_Assigned task_.
The reply should consist solely of the lines from the one with "Ontdek de Secrid" through the final line of the listing, copied exactly, with no pictures.

_Data excerpt_.

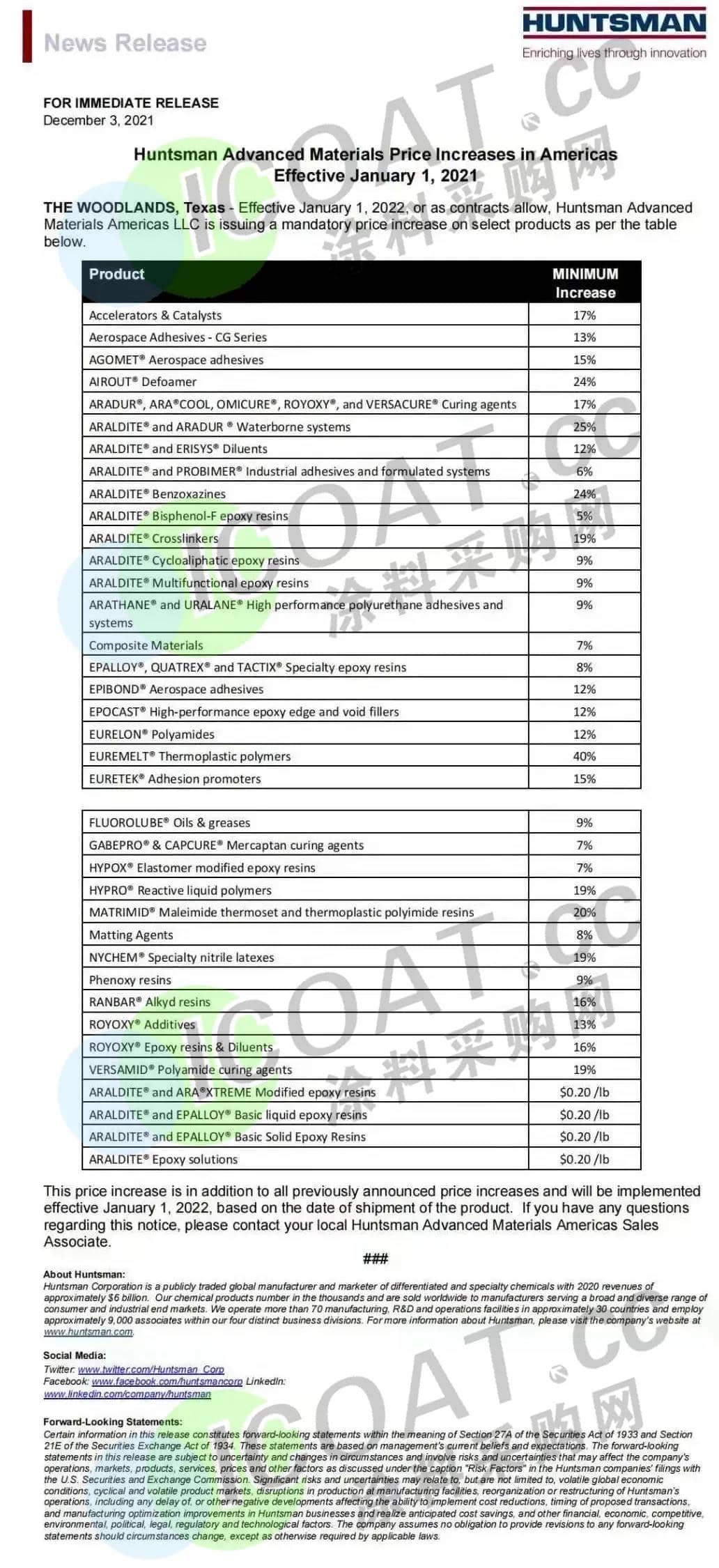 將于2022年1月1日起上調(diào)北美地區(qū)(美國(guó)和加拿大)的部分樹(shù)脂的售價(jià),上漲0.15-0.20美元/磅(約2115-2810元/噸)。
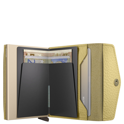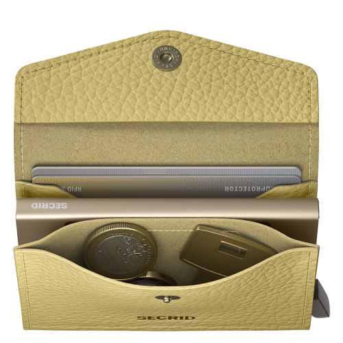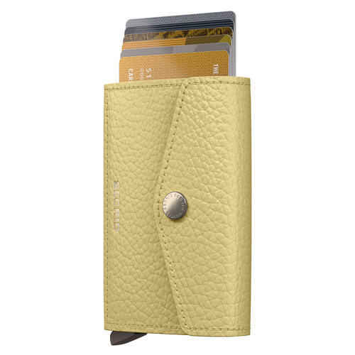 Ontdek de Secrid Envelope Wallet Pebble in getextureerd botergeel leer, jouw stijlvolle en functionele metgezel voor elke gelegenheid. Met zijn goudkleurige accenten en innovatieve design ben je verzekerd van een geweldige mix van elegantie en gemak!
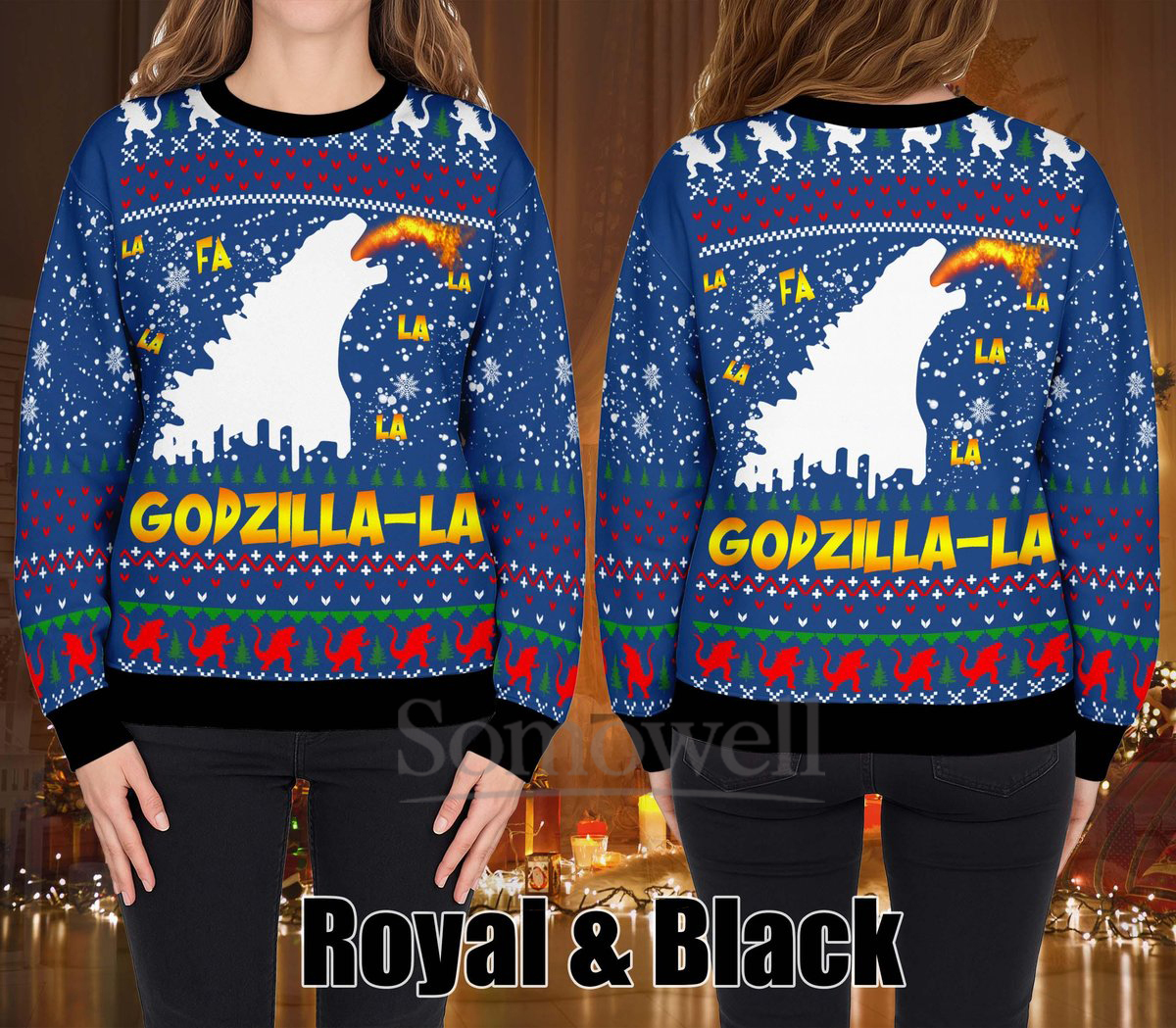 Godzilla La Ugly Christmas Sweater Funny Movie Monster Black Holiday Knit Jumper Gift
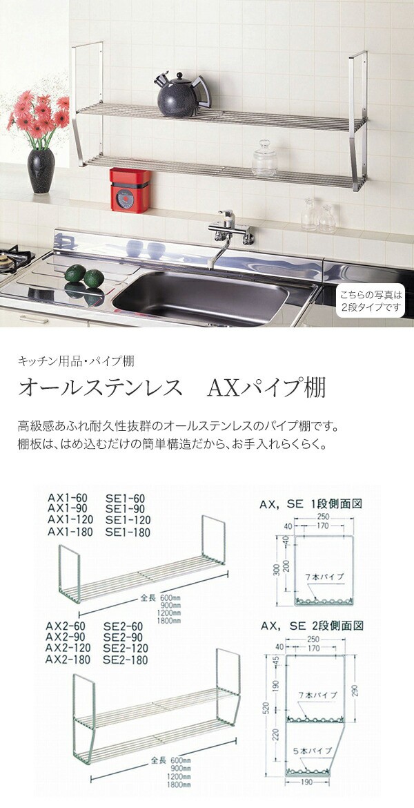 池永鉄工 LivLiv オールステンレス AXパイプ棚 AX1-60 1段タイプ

_Solution to this problem_.
 Ontdek de Secrid Envelope Wallet Pebble in getextureerd botergeel leer, jouw stijlvolle en functionele metgezel voor elke gelegenheid. Met zijn goudkleurige accenten en innovatieve design ben je verzekerd van een geweldige mix van elegantie en gemak!
 Godzilla La Ugly Christmas Sweater Funny Movie Monster Black Holiday Knit Jumper Gift
 池永鉄工 LivLiv オールステンレス AXパイプ棚 AX1-60 1段タイプ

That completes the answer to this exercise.